Arthur Caplan of the University of Pennsylvania's Center for Bioethics
has written:
"The genome reveals, indisputably and beyond any serious doubt,
that Darwin was right -- mankind evolved over a long period of time from
primitive animal ancestors...The core recipe of humanity carries clumps of
genes that show we are descended from bacteria.
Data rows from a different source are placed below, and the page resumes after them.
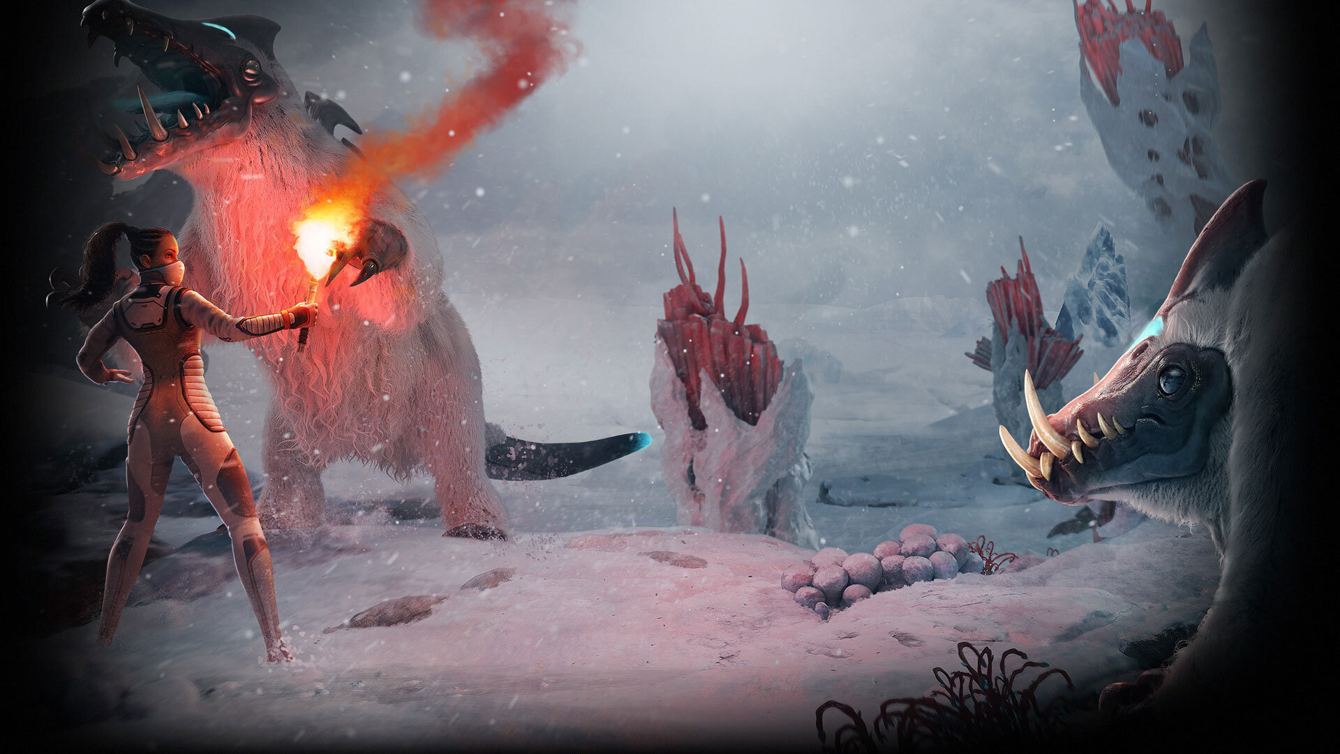 Survive the harsh climate by constructing extensive habitats, scavenging for resources, and crafting equipment. Blast across the snowy tundra on a Snowfox hoverbike. Cruise through enchanting and perilous biomes in your modular Seatruck.
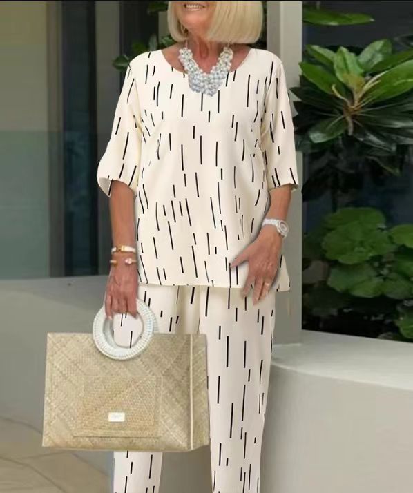 💥🔥[Top + Spodnie]2025, wiosna i lato, nowa moda, okrągły dekolt, rękaw pięć czwartych, luźny dwucz
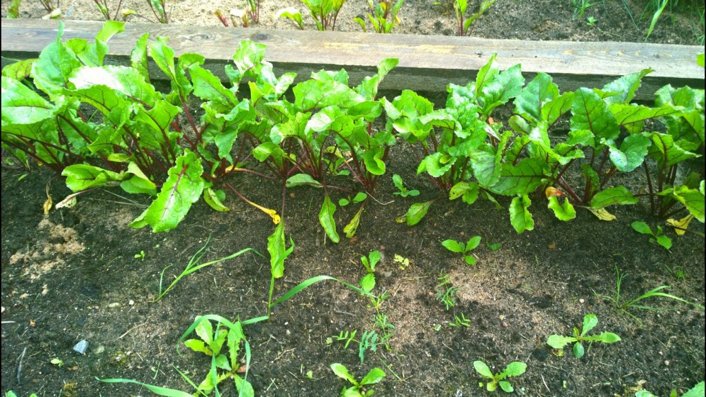 Tilanne ryytimaalla on nyt paljon valoisampi kuin reilu viikko sitten. Vaikka retiisit menetettiin, punajuuret ovat tykänneet harventamisesta ja kasvavat kauniisti. Nyt pidän sormia ja varpaita ristissä, että nämä saisivat olla tuholaisilta rauhassa. Ruohosipulikin on piristynyt. Kannatti nyppiä puumaisen varren kasvattaneet kukat pois. Tilalle on kasvanut taas raikasta, makeaa ja pehmeää sipulia. Tästähän syö koko loppukesän.
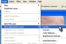 Klikmnite zgoraj na Layer, New Adjustment Layer in izberite Levels...
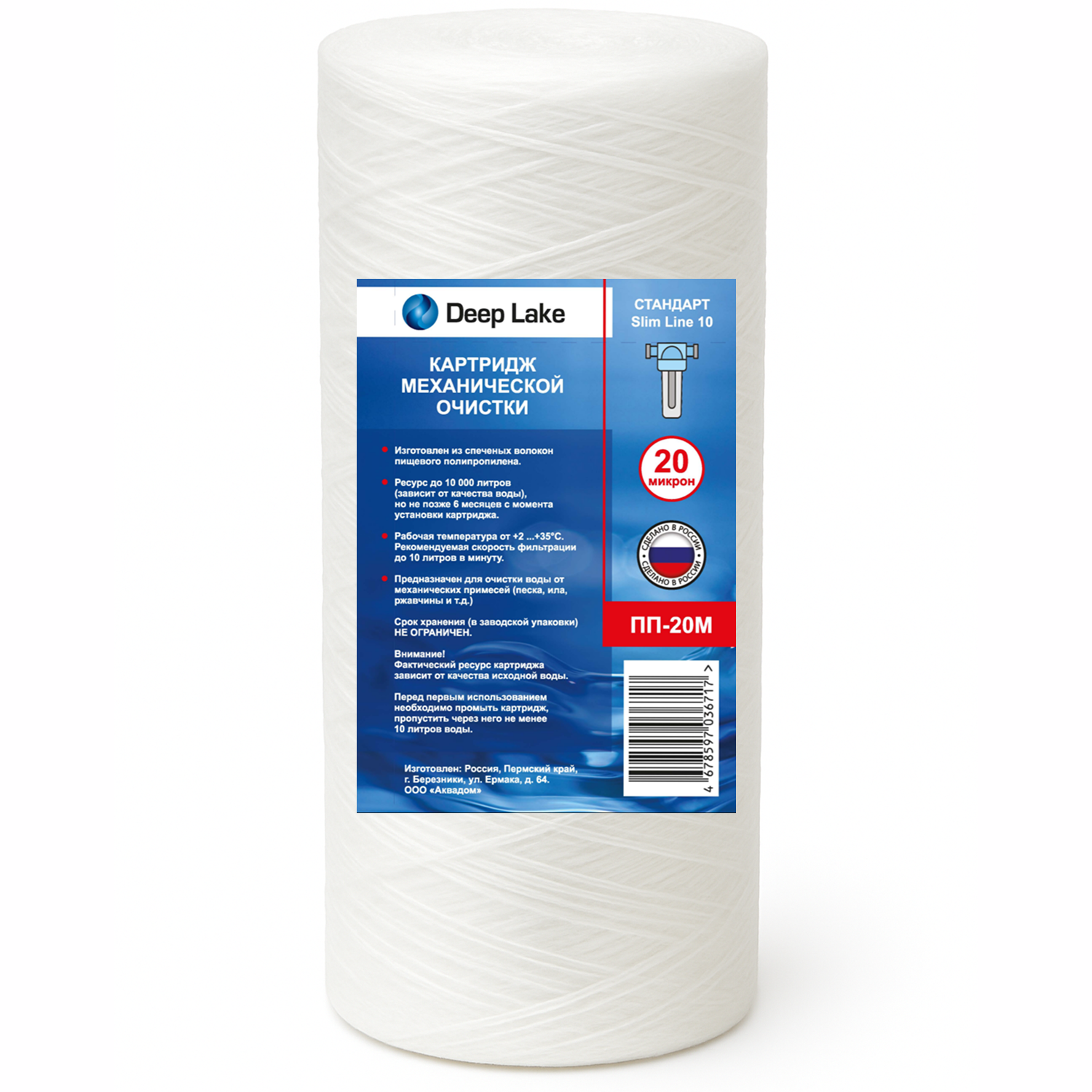 Картридж механической очистки Deep Lake PP-20 мкм, Slim Line 10"Полипропиленовый картридж Deep Lake PP-20 мкм предназначен для механической очистки холодной воды от взвешенных загрязнений. Изготовлен из спечённых волокон пищевого полипропилена, эффективно задерживает песок, ил, ржавчину и другие твёрдые частицы. Совместим с фильтрами стандарта Slim Line 10" (254 мм).
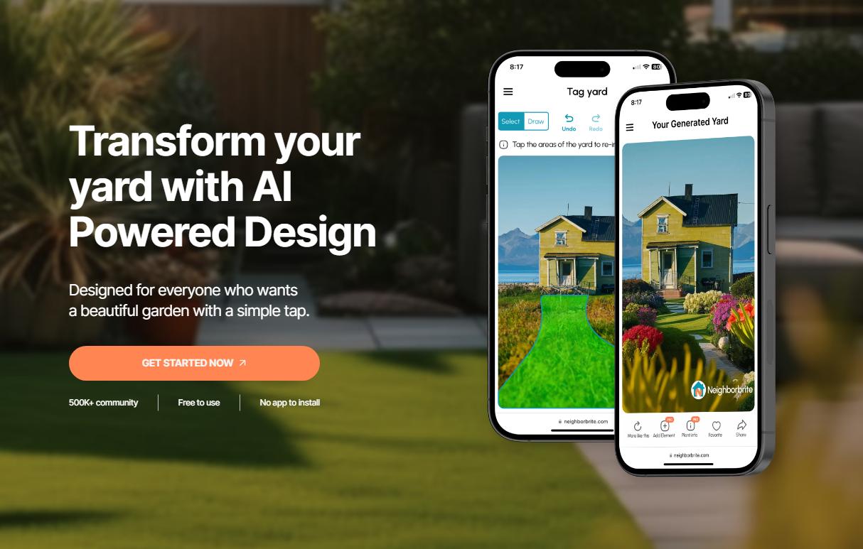 "If you need pure landscape inspiration..." Choose Neighborbrite for its zero learning curve and ability to instantly generate dozens of stylistic concepts from a single photo.
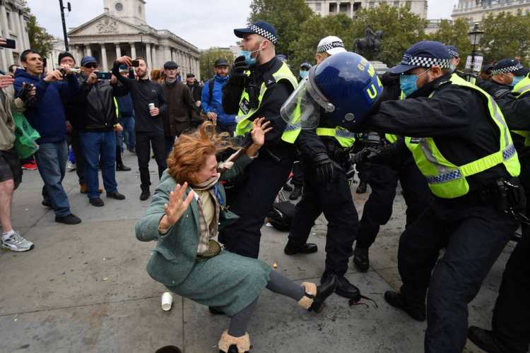 On Saturday 26 September, police in riot gear made 16 arrests as they cracked down on a much larger anti-lockdown protest in Trafalgar Square. This photo by AFP and a video of a woman knocked to the ground were widely circulated on social media:
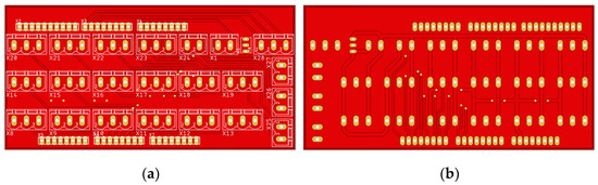 The connection between the sensor cards and controllers was provided by the interface cards. The measurement system obtained the two-dimensional temperature pattern of the heater using 64 sensors. There were four identical interface cards in the system, each connected to 16 sensor cards. A schematic of the interface card is provided in Figure 2, and a printed circuit diagram is shown in Figure 3. In the schematic, the X8–X23 connectors indicate the connection points of the sensor cards. The analog outputs of the 16 sensor cards were connected to the 16 analog inputs of the controller through X6 and X7 connectors.
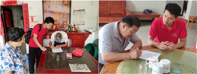 为深入了解迎合村的村情民情,村主任带领团队前往村中贫困农户汪有明、周思开、王良宝等人家中。在了解到团队的技术产业模式后,农户们纷纷就金银草种植、板材效益等方面与团队成员交流,已有10户农户和团队达成了合作意向并签署了合作意向协议书。团队还将带来的两株金银草种苗当场种下。
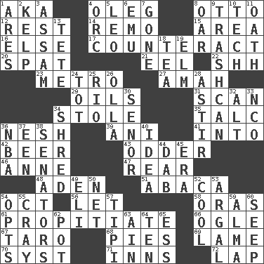 ACROSS 1. Alias (abbr.) 4. Cassini of fashion 8. Von Bismarck 12. Repose 14. San ____ (Riviera town) 15. Type of rug 16. Otherwise 17. Neutralize 20. Argument over a trivial matter 21. Snakelike fish 22. Quiet! 23. Paris' subway 27. Nanny 29. Petroleums 31. Examine hastily 34. Fur scarf 35. Baby powder 36. Delicate 39. Cuckoo 41. To the inside or interior of 42. Fermented drink made from hops 43. More peculiar 46. Queen of England 1702-14 47. Rump 48. Arabian gulf 51. Phillipine bananalike plant 54. Sep. follower 56. Allow 58. Mouths or openings 61. Conciliate 66. Stare 67. Edible starchy tuberous root 68. Sliced desserts 69. Unable to walk 70. System (abbr.) 71. Restaurants 72. Pet locale DOWN 1. Ancient Greek god of war 2. Seaweed 3. Indian state 4. The grampus (Milton) 5. Lion 6. Australian flightless bird 7. Went 8. Rowing implement 9. File 13 10. Technology 11. Pledge 13. False hair 18. Beverage made from leaves 19. Shade tree 24. Small child 25. River (Sp.) 26. Water jar 28. Moving about 30. Sir (Sp.) 32. The first octave above the treble staff 33. Non-commissioned officer (abbr.) 34. Fragment 36. Basketball assoc. 37. Car or cant ending 38. Elected representatives 40. The content of cognition 44. Apply (a substance) by light strokes 45. Epoch 49. Connecticut Ivy Leaguer 50. Fish or hair follower 52. Calm and collected 53. Therefore, facetiously 54. Elects 55. Supercomputer manufacturer 57. Native american tent (variation) 59. _ mater 60. Ooze 62. Cooking vessel 63. The 18th letter of the Arabic alphabet 64. Nine, plus one 65. Curvy letter
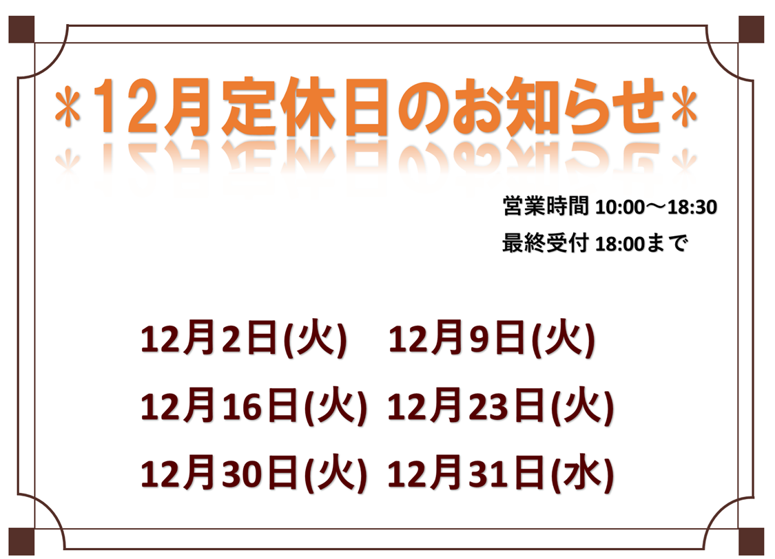 いつもタイヤ館徳島店をご利用いただき 本当に有難うございます。 誠に勝手ながら 12月の定休日は毎週火曜日とさせていただきます。 ※12月15日(月)は棚卸の為17:00閉店です。(16:30分で受付終了) 定休日でも ご自宅からタイヤをご購入頂けます! 詳しくは↓↓↓をチェック(^^)v 自宅でもタイヤのご購入...
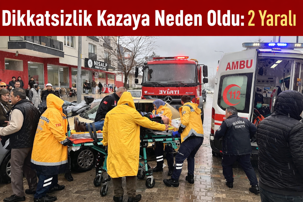 Kaza saat, 15.00 sıralarında 4 Eylül Mahallesi Mehmet Akif Ersoy Caddesi üzerinde meydana geldi. Edinilen bilgilere göre Adil E. idaresindeki 45 RY 288 plakalı otomobil U dönüşü yaptığı esnada, cadde üzerinde seyir halinde olan Yiğit G. idaresindeki 45 ACG 202 plakalı otomobil ile çarpıştı. Çarpışmanın ardından 45 ACG 202 plakalı otomobil yol kenarında park halinde duran otomobile çarparak durabildi. Kazayı gören vatandaşların 112 Acil Çağrı Merkezi'ne bildirmesi üzerine olay yerine itfaiye, ambulans ve polis ekipleri sevk edildi. Çarpışmanın etkisiyle her iki otomobilin sürücüsü yaralanırken, olay yerinde yapılan ilk müdahalelerinin ardından yaralılar Kula Devlet Hastanesi'ne kaldırıldı. Öte yandan kaza anı, bölgede bulunan bir işletme ve siteye ait güvenlik kamerası görüntülerine yansıdı.

There is no other way to
explain the jerry-rigged nature of the genes that control key aspects of our
development...The theory of evolution is the only way to explain the
arrangement of the 30,000 genes and three billion letters that constitute
our genetic code...The message our genes send is that Charles Darwin was
right."
Eric Lander of the Whitehead Institute in
Cambridge, Mass., said that if you look at our genome it is clear that
"evolution...must make new genes from old parts." Since evolution of
the species must have taken billions of years to evolve from bacteria to
humans, the earth must be very old.
- During each springtime, tiny, one-celled algae bloom in Lake Suigetsu,
Japan. They die and sink to the bottom of the lake. Here, they create a thin,
white layer. During the rest of the year, dark clay sediments settle to the
bottom. The result are alternating dark and light annual layers -- much like
the annual growth rings on a tree. Scientists have counted about 45,000
layers; they have been accumulating since about 43,000 BCE. This is far beyond
the estimates of 6 to 10 millennia made by many creation scientists.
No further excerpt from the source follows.